I have enjoyed being a part of Samling Academy, an organisation that is encouraging singers from the North East. I saw more of the dialogue that exists in teaching and how we can learn new things from unexpected places. Growing up, both of my parents were teachers, my mother a local maths teacher and my father an education teacher at Bangor University. This background has given me a respect for the importance of teaching and giving people the chance to find their own individual voice in music and elsewhere.

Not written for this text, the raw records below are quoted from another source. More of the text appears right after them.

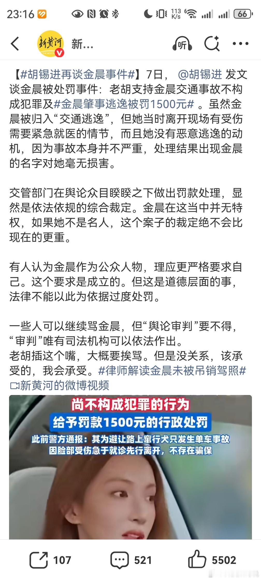 胡锡进再谈金晨事件又开始和稀泥了你还看老胡吗?
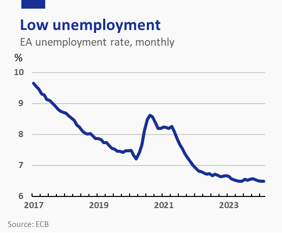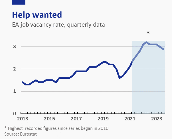The labour market in the euro area is exceedingly strong. The unemployment rate stands at a record low of 6.5%, which has never been seen in the history of the euro before. Moreover, the labour force participation rate is equally strong, indicating active participation from all members of the working-age population. Despite low unemployment figures and active participation, labour supply has been slow to adjust to the growing needs of euro area producers.
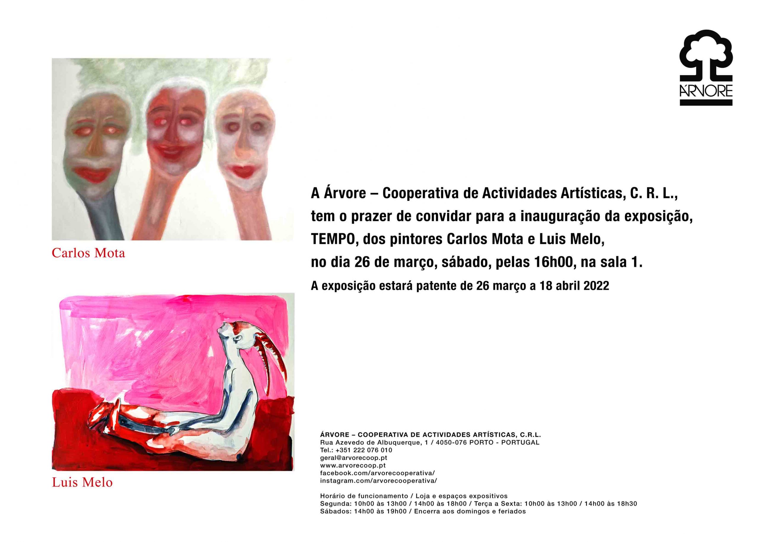 A Cooperativa Árvore tem o prazer de convidar para a abertura da Exposição “Tempo” dos pintores Carlos Mota e Luís Melo no dia 26 Março, Sábado, pelas 16h na sala 1.
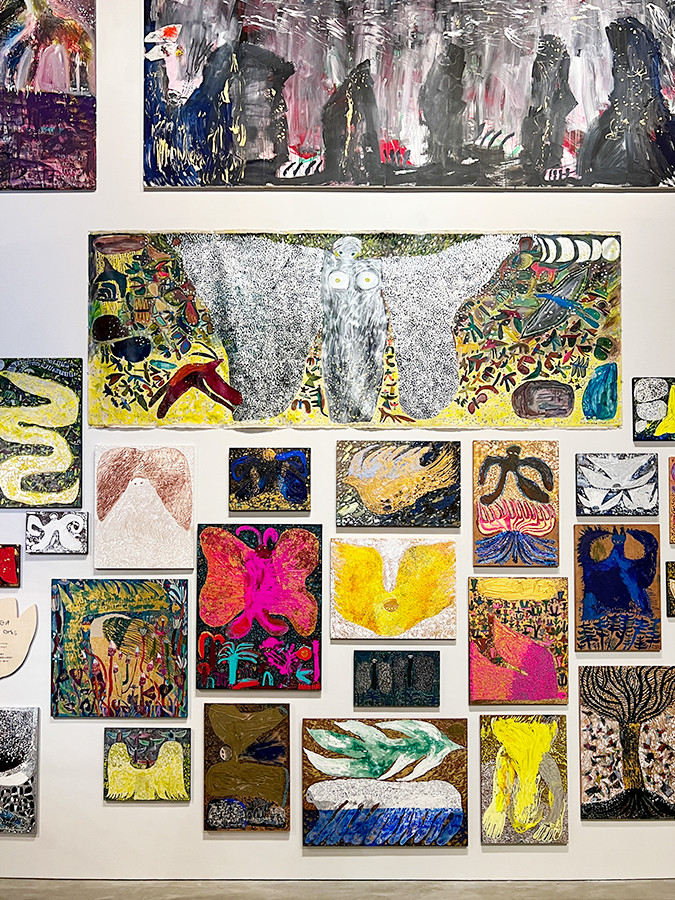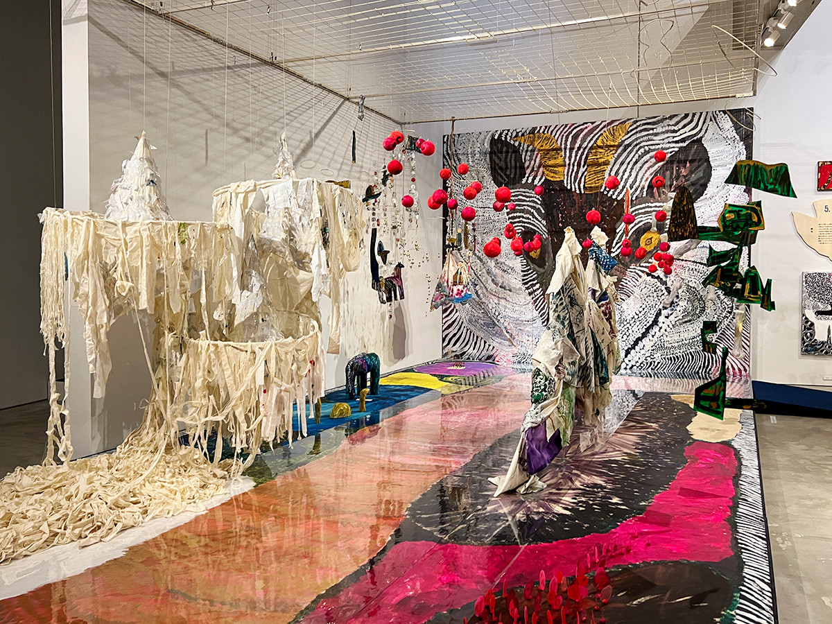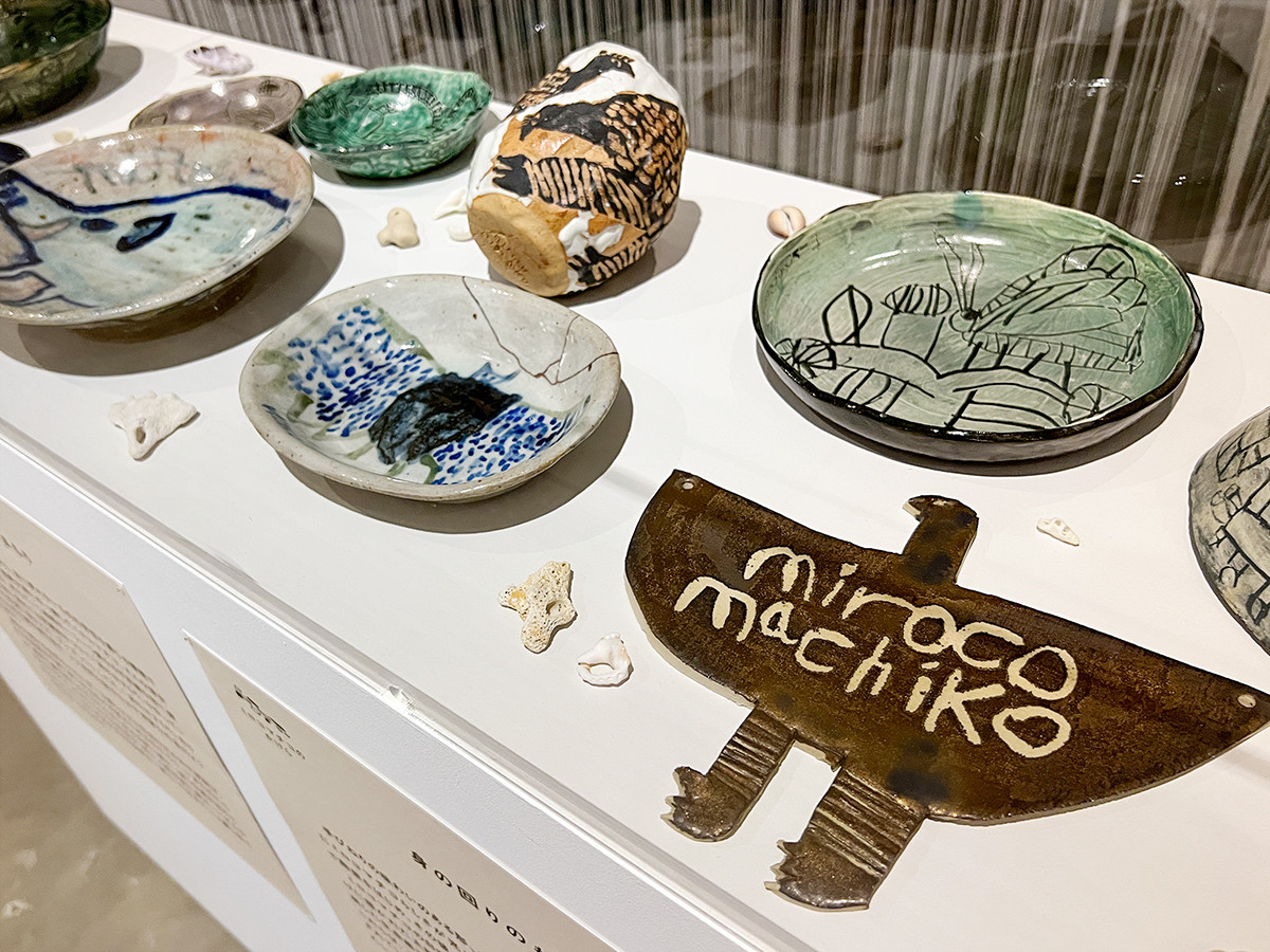 下のフロアに進み、最後は「新作」。作品の中をくぐり抜けるようなインスタレーションや、やきものの作品、高い壁面の最上部まで架けられた絵画など、さまざまな作品が展示されています。

The 2016/17 academic year brings many exciting opportunities including performing chamber music by Colin Matthews for the BBC Proms live on Radio 3, a concert of First World War repertoire with tenor Robert Murray in Prague, a return to the Oxford Lieder Festival, a solo performance live on S4C, an evening song recital at Wigmore Hall for The Musicians’ Company and solo recitals in France. There is much to look forward to and I am excited to meet new people and collaborate again with people I already know. I treasure the discursive element of my work and, in a world where competition can dominate, it is essential to me to find spaces where real and genuine engagement is the basis for the way I make music.